In the 1950s the Police Station and Courthouse were located in Church Street. I remember Sergeant Bland, Sergeant Les Knight, and constables such as Dave Gove, Clifford Cousins, Michael O’Flaherty and others. These were real “community” policemen.
A family friend followed his education at Lyme Regis Grammar School, by gaining entry to the Sandhurst Academy to train as a soldier.
Following his passing out at Sandhurst, he had returned to Axminster and celebrated with his friends, by having far more beers than he should have done. He was also trying to drive home, when he was discovered by Sergeant Bertie Bland, who restrained him from driving and as a true community sergeant said that he would drive him home.

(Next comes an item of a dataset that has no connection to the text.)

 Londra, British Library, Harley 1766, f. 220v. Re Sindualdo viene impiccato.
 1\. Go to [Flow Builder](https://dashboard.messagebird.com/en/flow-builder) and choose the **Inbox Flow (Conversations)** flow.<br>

What happened next was that my friend “threw up” in the back of the police car – not to be recommended!
If Sergeant Bland had arrested and charged him – that would probably have been the end of his army career, before it had even started. But as a real community policeman, Bertie Bland ensured that our friend came around to the Police Station the following morning and thoroughly cleaned out the car – and that was the end of the story.
I have another story about this same family friend who was boyfriend to my sister for some while. He was a prefect at Lyme Grammar School where prefects had tassels sewn in to the back of their caps. He was in our kitchen one evening, telling us about another prefect who had misbehaved at school with a younger female student and was being relieved of his position.

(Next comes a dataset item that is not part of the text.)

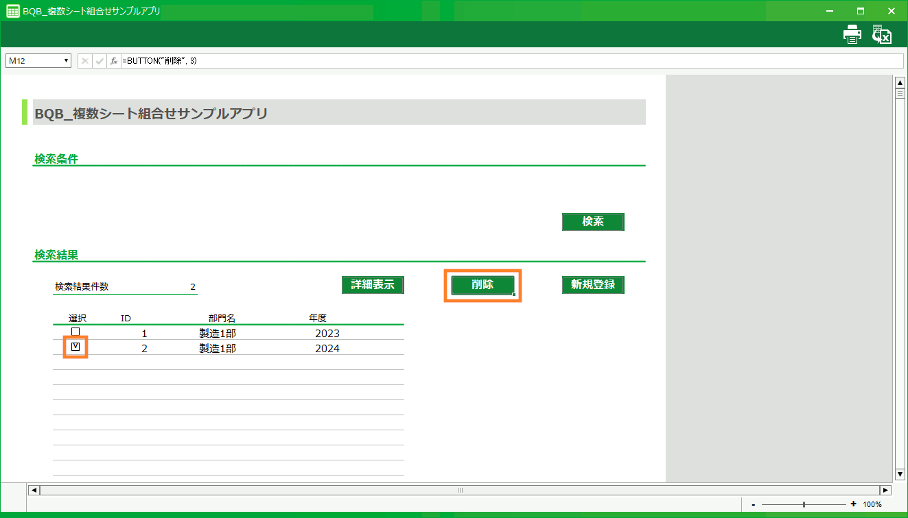 - 「削除」ボタンをクリックします。一覧が更新され、削除後のデータが表示されます。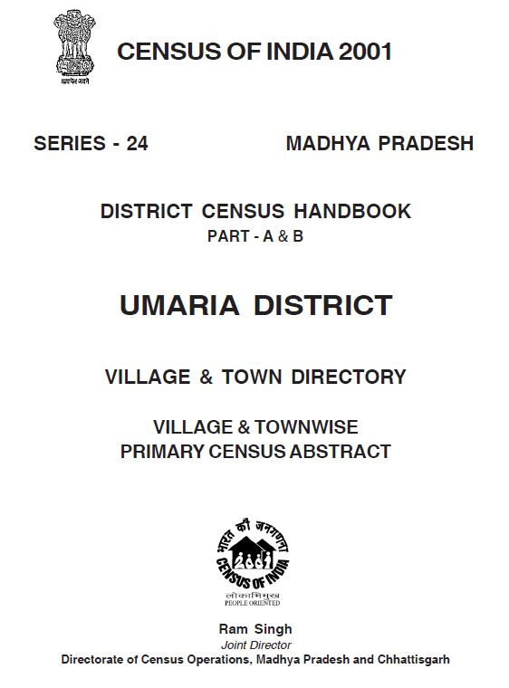 Census of India 2001 - Series 24 - Madhya Pradesh - District Census Handbook, Part A & B - Umaria

My mother was with us and didn’t know that prefects at Lyme Grammar School had caps with tassels fixed to them. Our friend told us about this prefect and came out with “and do you know, Mrs Moulding – they cut his tassels off!” After our friend left, my mother said that she just could not believe that Lyme Regis Grammar School should be quite so drastic with their prefects!
Alongside the Old Courthouse was the Western Hotel, which I remember far better as the Cavalier under Norman and Hazel Kitchen.
Coming back up Church Street and on the junction with Silver Street, we have the Axminster Inn, which in the fifties was run by Bill Stuart (senior), followed by his son Lionel. They served Palmer’s Beer – not to everyone’s taste, but for me, there is nothing better than a pint of Palmer’s IPA.
Lionel was an excellent host, with a gruff voice and dry sense of humour, ably assisted behind the bar by his wife Beryl and May Tratt, who lived in South Street, adjacent to the butcher’s shop.
Beryl Stuart was formerly Beryl Moulding, daughter of Uncle Bob, and it was quite a coincidence that she married Lionel Stuart and within a very short time, my mother became Beryl Moulding after marrying my father – so the family “lost” one Beryl Moulding and “gained” another one!
There was always plenty of nonsense going on in the Axminster Inn with the likes of Ted Davis, Martin Bright and Frank Rowe on market days. Often, there would be a wager with pub regulars placing bets on the bar for some obscure challenge.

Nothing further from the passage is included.